Instructions for the task: What is needed is an exact repetition of the lines below, from the first one through the one holding "Le lit bébé", with no pictures and nothing else.

Information supplied:
--

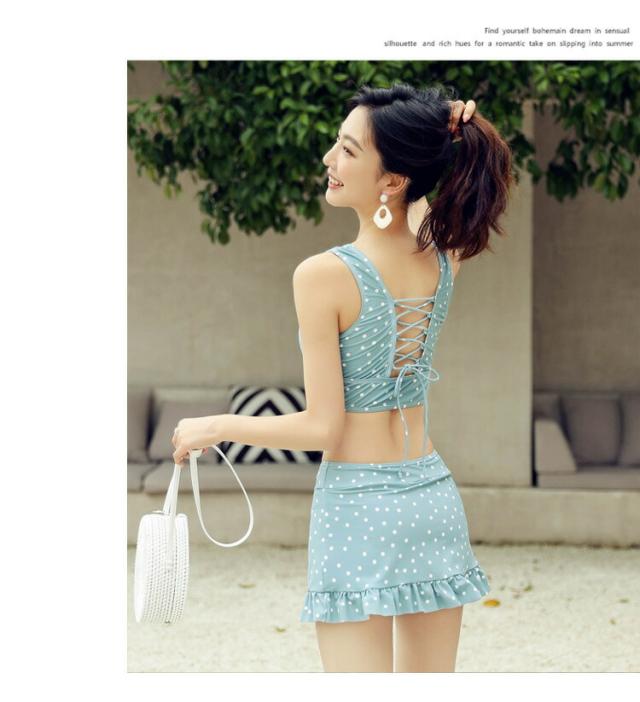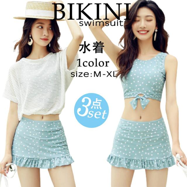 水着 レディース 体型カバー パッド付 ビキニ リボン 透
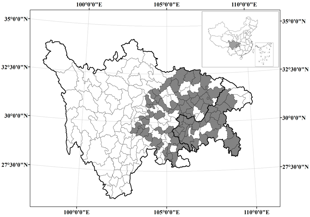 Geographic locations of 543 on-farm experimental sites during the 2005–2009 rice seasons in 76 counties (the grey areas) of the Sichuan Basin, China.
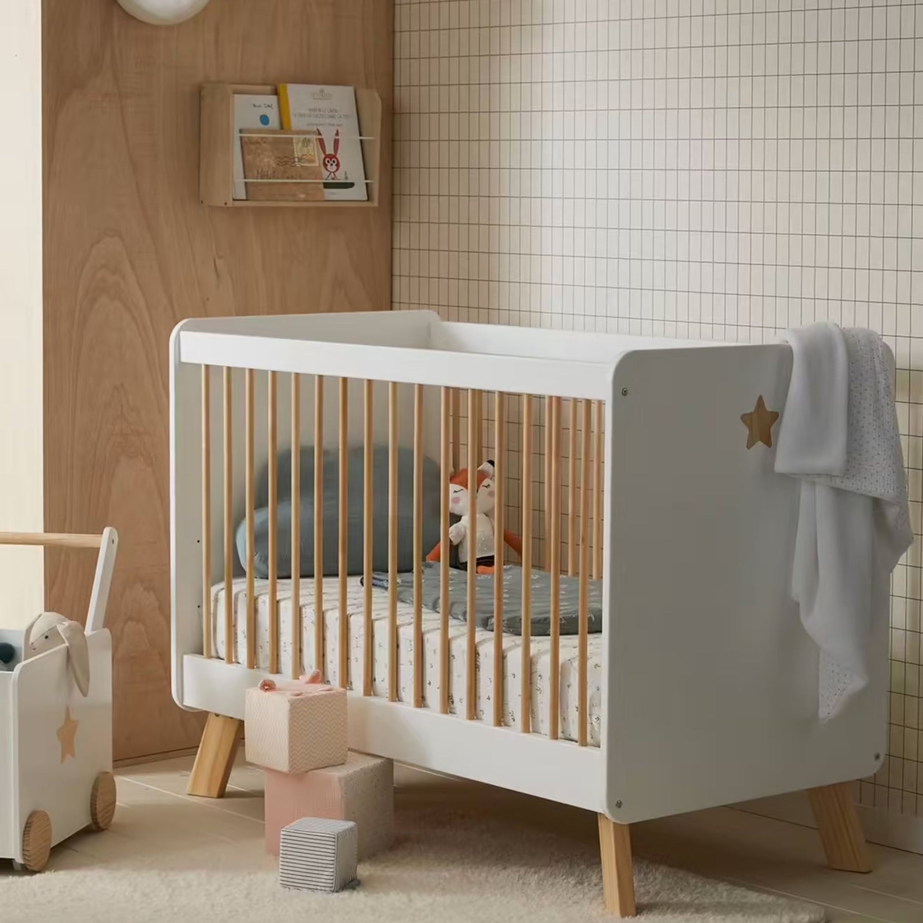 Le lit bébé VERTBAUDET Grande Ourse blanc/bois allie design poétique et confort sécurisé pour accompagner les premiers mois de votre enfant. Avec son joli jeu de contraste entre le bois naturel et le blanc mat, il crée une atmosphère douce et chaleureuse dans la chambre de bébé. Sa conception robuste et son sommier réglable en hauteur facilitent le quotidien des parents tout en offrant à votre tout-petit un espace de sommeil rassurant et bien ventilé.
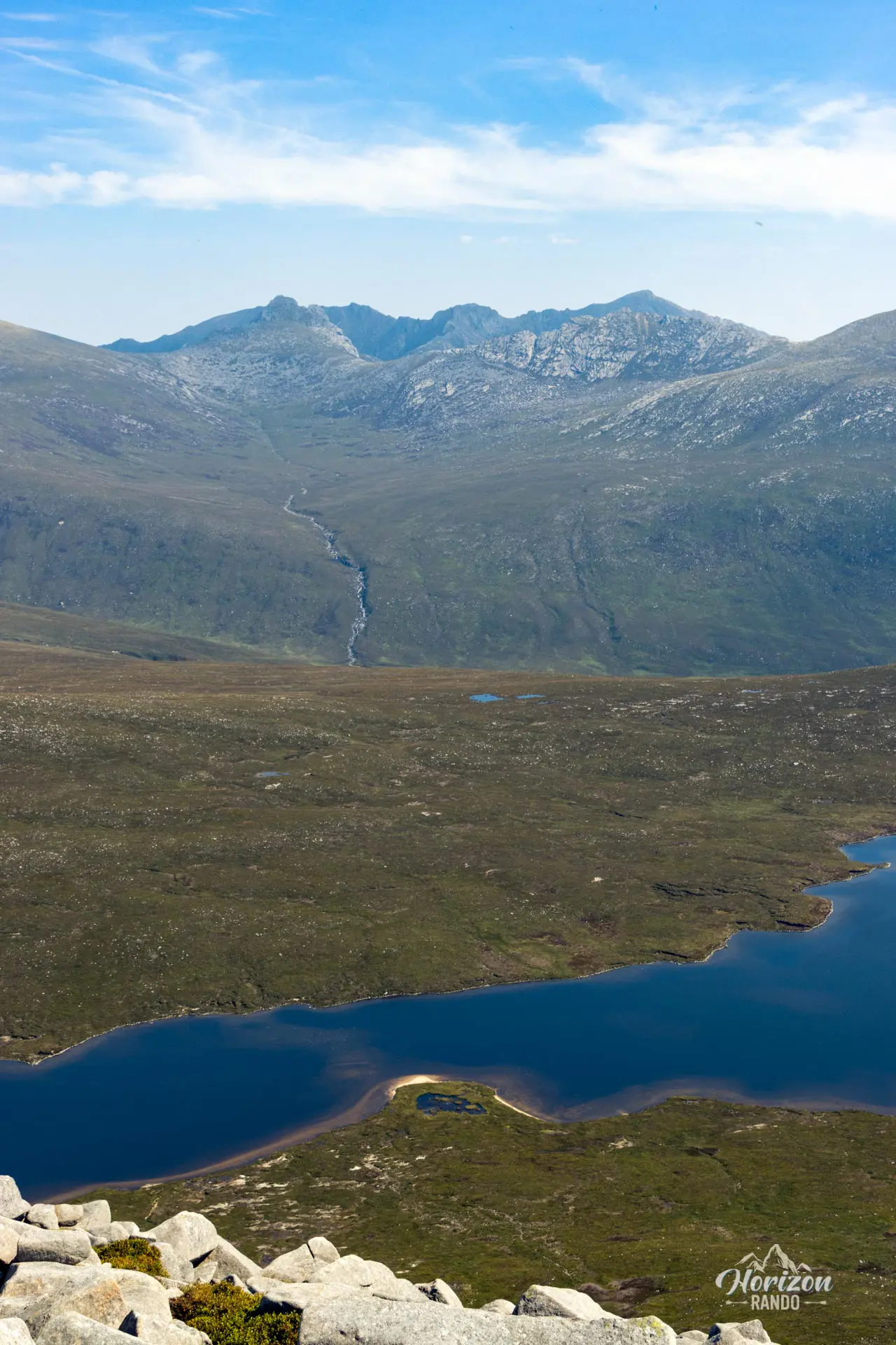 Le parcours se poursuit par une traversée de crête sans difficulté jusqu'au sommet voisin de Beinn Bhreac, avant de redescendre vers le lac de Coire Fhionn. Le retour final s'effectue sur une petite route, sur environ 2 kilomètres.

--

Response box:
 水着 レディース 体型カバー パッド付 ビキニ リボン 透
 Geographic locations of 543 on-farm experimental sites during the 2005–2009 rice seasons in 76 counties (the grey areas) of the Sichuan Basin, China.
 Le lit bébé VERTBAUDET Grande Ourse blanc/bois allie design poétique et confort sécurisé pour accompagner les premiers mois de votre enfant. Avec son joli jeu de contraste entre le bois naturel et le blanc mat, il crée une atmosphère douce et chaleureuse dans la chambre de bébé. Sa conception robuste et son sommier réglable en hauteur facilitent le quotidien des parents tout en offrant à votre tout-petit un espace de sommeil rassurant et bien ventilé.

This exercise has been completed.